# My Sweet Biker Boy



## Rugs (Jul 14, 2004)

It's been awhile since I've posted on the board. Some of you know about Biker and his seizures. Well, it happend. He had 8 sezures in 2 days and he just never recovered from them. He was only 5 years old. I knew this day would come, I just didn't know it would be this soon. 

Last Thursday I had to let him go. It broke my heart, but it also hurt to see that he was slowly going down hill. 

I just wanted to share with all of you just how much I loved him and what a sweet wonderful boy he was. He was my buddy!

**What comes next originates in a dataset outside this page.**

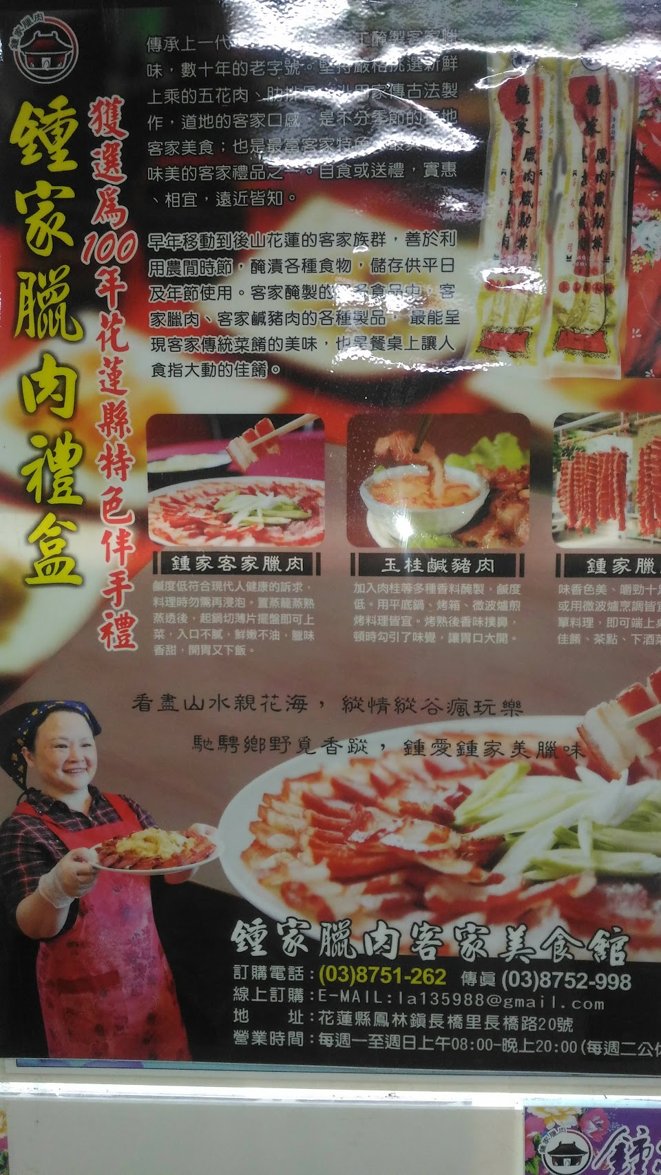 玉桂鹹豬肉真是太好吃了,甘甜濃濃的客家味,不死鹹。高粱香腸酒香四溢,真好食!百分百物超所值!感謝鍾家的客家美味。花蓮之旅行前,再次拜讀須文蔚老師的《看見機會:我在偏鄉15年》一本好書,書中介紹輔導數位機會中心的點點滴滴,4/25特別安排行程拜訪數位機會中心的佼佼者「鍾家臘肉館」,熱情接待的應該是老闆鍾景華夫婦及其員工,用客家話聊了一下,就覺得親近。帶回2高粱香腸、2玉桂鹹豬肉、1客家臘肉,鍾先生還送了一大碗剛煮好的肉羹,回到台北與家人分享,只要吃到的都說讚,客家料理還是對味,感謝鍾家所做的傳承與努力。

He loved to travel. Our trip to Florida Nov of 08.


----------



## Kurys Mom (Oct 11, 2008)

What a beautiful boy....I'm so very sorry. May you hold him in your heart forever. 

-Lisa


----------



## Superpup (Jun 7, 2007)

I am so sorry about your loss! What a sweet face he had... he looks like one of my friend's long haired shepherd, even with the floppy ear..














RIP Biker!


----------



## gsdlove212 (Feb 3, 2006)

RIP Biker, Michele, I am so sorry for your loss.


----------



## SunCzarina (Nov 24, 2000)

I am so sorry you lost your Biker Boy. I lost Luther at age 7 to seizures, it still hurts even though you know it's coming. RIP, sweet boy.


----------



## littledmc17 (Apr 9, 2008)

I am so sorry for your loss
He was a handsome boy!!


----------



## brushmonkey (Oct 31, 2008)

I know exactly were you're at. We lost our Frieda the same way. I went for two years before we looked for another dog, didn't think
I could go through loosing another dog, then we got Uhlie, she has
filled that hole in our lives again! We will never forget Frieda but it's
spooky how much these GSD's have in common. We have that pile of sticks out the back door again! Sorry for your loss.


----------



## barbprzyby (May 15, 2008)

I am sorry to read about your Biker and the decision you had to make.
RIP Biker







Beautiful Boy


----------



## Karin (Jan 4, 2008)

I'm so sorry to hear about Biker. It's so sad to lose a beloved friend so young. What a sweet looking boy he was. Rest in peace, Biker.


----------



## Sashmom (Jun 5, 2002)

Oh my Im so sorry. He has the most beautiful fur it looks so soft and a sweet face, he looks like one happy boy there. This is so unfair. 
RIP Biker


----------



## Barb E (Jun 6, 2004)

I'm so sorry about Biker


----------



## cainsmomma (Jan 29, 2006)

I'm so very sorry. Such a beautiful baby boy. Thoughts & prayers are with you.


----------



## elsie (Aug 22, 2001)

i'm so sorry about biker. 
goodbye came much too soon 
rip, fella.


----------



## WiscTiger (Sep 25, 2002)

I am sorry for your loss. I can see by his eyes that he was a kind sole. 

Val


----------



## srfd44-2 (May 20, 2004)

I so sorry for your loss. Know that our prayers and thoughts are with you at this time.


----------



## marksmom3 (Dec 17, 2007)

Biker was a beautiful dog. I'm sorry for your loss. RIP Biker.


----------



## ninhar (Mar 22, 2003)

What a beautiful boy he was. I am so sorry for your loss. RIP Biker.


----------



## DancingCavy (Feb 19, 2001)

What a handsome boy. I'm sorry to hear of his passing. Thinking of you during this difficult time.


----------



## arycrest (Feb 28, 2006)

I'm so sorry you lost your wonderful boy, he was so young. I'm glad I had the honor of meeting this beautiful and sweet fellow last year, he was a fantastic dog. You're very lucky to have shared his life with him.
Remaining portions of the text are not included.